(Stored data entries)
•••
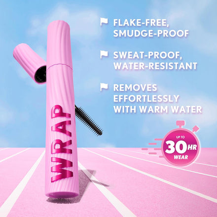 Go the distance with the high-performance COVERGIRL Eye Enhancer Wrap Tubing Mascara. Get a lash extension effect that is clump-free, flake-free and smudge-proof for up to 30 hours. Ultra-stretch, lightweight tubes wrap lashes for instant definition, extended length and lift. Formula is sweat- and waterproof yet removes effortlessly—it rolls off in tubes with warm water (not hot!). Available in 3 eye-enhancing colors: Max Motion Black (for bold, brighter looking eyes), Espresso Energy (for natural, softer looking eyes), Midnight Stride (for brighter, wide awake looking eyes) Based on a consumer study of 115 people: • 97% agree lasts all day • 90% agree instantly lengthens lashes • 90% agree stays flake-free all day • 90% agree provides instant definition • 89% agree stays smudge-proof all day
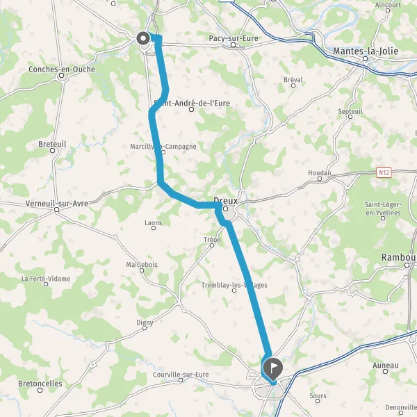 Prendre à droite et rejoindre N154 (Route de Chartres). Continuer sur 27 kilomètres
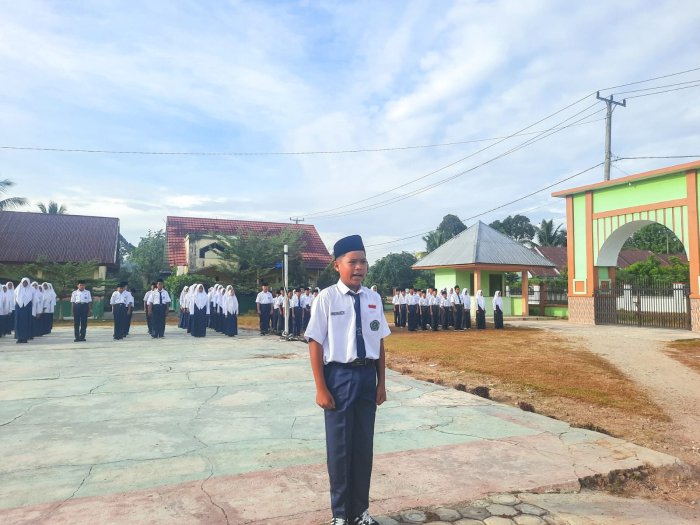 Suka Jaya (MTsN 1 Bungo) - Upacara peringatan Hari Pahlawan Nasional di MTsN 1 Bungo berlangsung khidmat dan penuh semangat kebangsaan. Dalam kegiatan yang melibatkan seluruh guru dan peserta didik tersebut, Abror, siswa kelas VIII A, tampil percaya diri sebagai pemimpin upacara dan berhasil menjalankan tugasnya dengan sangat baik. (10/11)
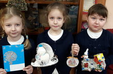 Учащиеся 1В класса: Гиниятуллина А; Петрушина А; Борисова С приняли участие в Городском конкурсе " Новогодняя игрушка моей семьи"
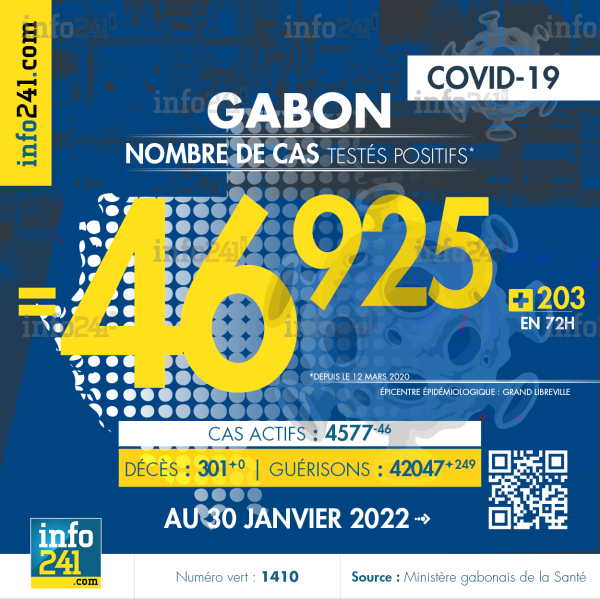 Bilan épidémiologique du Gabon au 30 janvier 2022 : 203 nouveaux cas enregistrés en 72 dans l’Ogooué-Maritime (147 cas) et l’Estuaire (56 cas). Il y a eu aucun nouveau décès et 249 nouvelles guérisons.
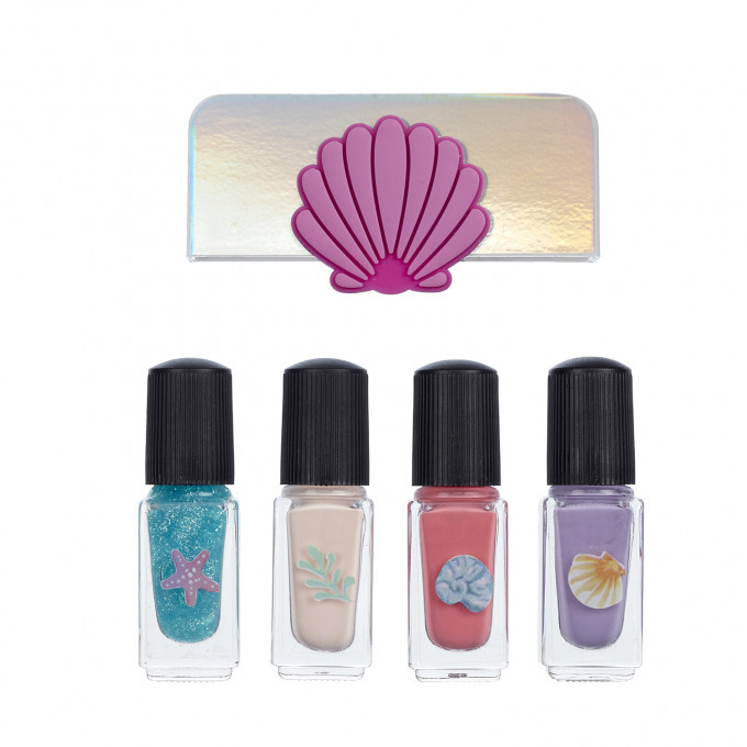 Sada laků na nehty, díky kterým se budou dětské nehty jemně třpytit jako perly. Součástí balení je držák, který drží všechny laky pohromadě, zabraňuje jejich ztrátě a usnadňuje skladování. Tato barevná sada je navržena speciálně pro bezpečnou úpravu nehtů u nejmenších dětí od 3 let. Balení obsahuje čtyři laky v krásných jemných barvách, včetně jednoho třpytivého.
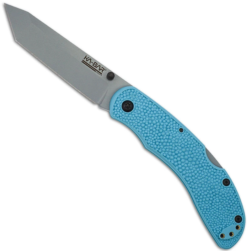 The 5698SF KA-BAR USSF Corser Folder is a value priced EDC that features a 3.5 inch tanto blade made of AUS 8A stainless steel, .114 inches thick, with a Rockwell hardness of 56-58, a flat grind, non reflective gray powder coat and dual thumb studs for ambidextrous one hand opening. The slim, pebbled blue GFN-PA66 handle, 4.375 inches closed, has ergonomic contours for comfort, sturdy lockback and a side to side reversible pocket clip mounted at the butt end. The KA-BAR USSF Corser Folder Knife has an overall open length of 7.875 inches, and it weighs 3.2 ounces. Made in Taiwan.
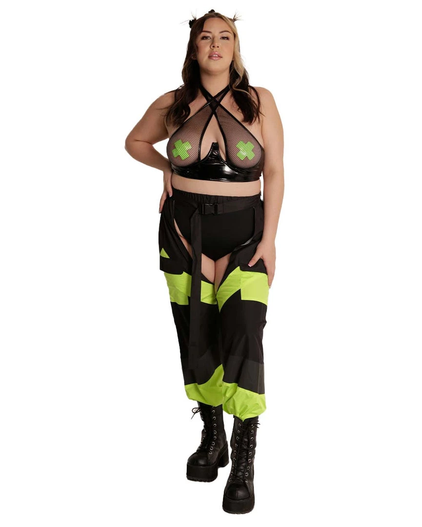 Strike the perfect balance between sultry and edgy with our Nighttime Escapades Fishnet Top. This corset top combines latex and fishnet for that drop-dead sexy look.
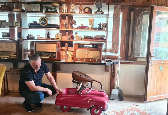 Zonguldak'ın Alaplı ilçesinde eski eşyalara merakı olan 48 yaşındaki Ali Çalışkan; aralarında 100 yıllık radyonun da bulunduğu eşyaları, iş yerindeki bürosunda sergiliyor.
•••
▶ Brief: From the entries above, output every line exactly and omit any image.

▶ Exercise solution:
 Go the distance with the high-performance COVERGIRL Eye Enhancer Wrap Tubing Mascara. Get a lash extension effect that is clump-free, flake-free and smudge-proof for up to 30 hours. Ultra-stretch, lightweight tubes wrap lashes for instant definition, extended length and lift. Formula is sweat- and waterproof yet removes effortlessly—it rolls off in tubes with warm water (not hot!). Available in 3 eye-enhancing colors: Max Motion Black (for bold, brighter looking eyes), Espresso Energy (for natural, softer looking eyes), Midnight Stride (for brighter, wide awake looking eyes) Based on a consumer study of 115 people: • 97% agree lasts all day • 90% agree instantly lengthens lashes • 90% agree stays flake-free all day • 90% agree provides instant definition • 89% agree stays smudge-proof all day
 Prendre à droite et rejoindre N154 (Route de Chartres). Continuer sur 27 kilomètres
 Suka Jaya (MTsN 1 Bungo) - Upacara peringatan Hari Pahlawan Nasional di MTsN 1 Bungo berlangsung khidmat dan penuh semangat kebangsaan. Dalam kegiatan yang melibatkan seluruh guru dan peserta didik tersebut, Abror, siswa kelas VIII A, tampil percaya diri sebagai pemimpin upacara dan berhasil menjalankan tugasnya dengan sangat baik. (10/11)
 Учащиеся 1В класса: Гиниятуллина А; Петрушина А; Борисова С приняли участие в Городском конкурсе " Новогодняя игрушка моей семьи"
 Bilan épidémiologique du Gabon au 30 janvier 2022 : 203 nouveaux cas enregistrés en 72 dans l’Ogooué-Maritime (147 cas) et l’Estuaire (56 cas). Il y a eu aucun nouveau décès et 249 nouvelles guérisons.
 Sada laků na nehty, díky kterým se budou dětské nehty jemně třpytit jako perly. Součástí balení je držák, který drží všechny laky pohromadě, zabraňuje jejich ztrátě a usnadňuje skladování. Tato barevná sada je navržena speciálně pro bezpečnou úpravu nehtů u nejmenších dětí od 3 let. Balení obsahuje čtyři laky v krásných jemných barvách, včetně jednoho třpytivého.
 The 5698SF KA-BAR USSF Corser Folder is a value priced EDC that features a 3.5 inch tanto blade made of AUS 8A stainless steel, .114 inches thick, with a Rockwell hardness of 56-58, a flat grind, non reflective gray powder coat and dual thumb studs for ambidextrous one hand opening. The slim, pebbled blue GFN-PA66 handle, 4.375 inches closed, has ergonomic contours for comfort, sturdy lockback and a side to side reversible pocket clip mounted at the butt end. The KA-BAR USSF Corser Folder Knife has an overall open length of 7.875 inches, and it weighs 3.2 ounces. Made in Taiwan.
 Strike the perfect balance between sultry and edgy with our Nighttime Escapades Fishnet Top. This corset top combines latex and fishnet for that drop-dead sexy look.
 Zonguldak'ın Alaplı ilçesinde eski eşyalara merakı olan 48 yaşındaki Ali Çalışkan; aralarında 100 yıllık radyonun da bulunduğu eşyaları, iş yerindeki bürosunda sergiliyor.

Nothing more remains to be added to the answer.